Task prompt — What is needed is an exact copy of the lines from the one containing "Wie bei den" through the last line of the records, with no pictures.
-- Record excerpts follows --
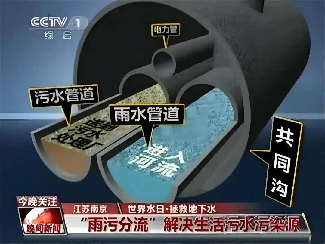 当时南京的城市排水体制为“截流式合流制”,也就是说雨量不大时,雨水和污水一起通过截流干管进入污水处理厂;雨量较大时,超过干管负荷的混合污水将流入溢流管道排入河流。因此南京要做的雨污分流,就是让雨污分道扬镳,各用一条管道输送:雨水直接排入河道,污水则一路奔向处理厂。
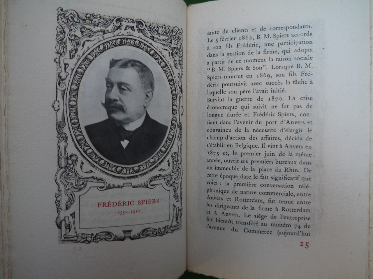 Un magnifique petit livre célébrant le centenaire de la firme d’origine anglaise Spiers & son, qui ouvrit sa filiale anversoise en 1875. Tiré à 1000 exemplaires.
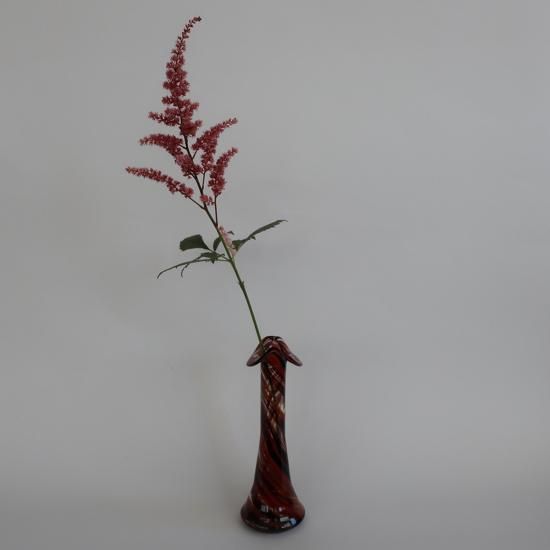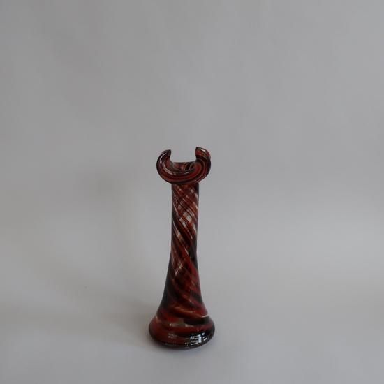 赤と少しパープルがかったブラウンのマーブルが美しいフラワーベースです。
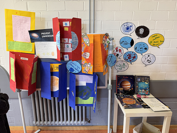 Wie bei den vergangenen Lernfesten bauten wir im Erdgeschoss unserer Schule eine Ausstellung zu zahlreichen Projekten auf, darunter verschiedene Kunstprojekte, ein Projekt über das Universum, das Englischprojekt, das Kinderrechte-Projekt, das Sockentiere-Projekt und noch weitere.
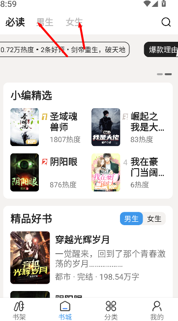 2、在书城页面的分类栏中,找到明确划分的 “男生”“女生” 专属频道,点击对应频道即可筛选出适配题材书籍,男生频道涵盖玄幻修仙、都市爽文等,女生频道包含言情穿越、古言宫斗等。
-- Record excerpts concluded --
Solution for this exercise —
 Wie bei den vergangenen Lernfesten bauten wir im Erdgeschoss unserer Schule eine Ausstellung zu zahlreichen Projekten auf, darunter verschiedene Kunstprojekte, ein Projekt über das Universum, das Englischprojekt, das Kinderrechte-Projekt, das Sockentiere-Projekt und noch weitere.
 2、在书城页面的分类栏中,找到明确划分的 “男生”“女生” 专属频道,点击对应频道即可筛选出适配题材书籍,男生频道涵盖玄幻修仙、都市爽文等,女生频道包含言情穿越、古言宫斗等。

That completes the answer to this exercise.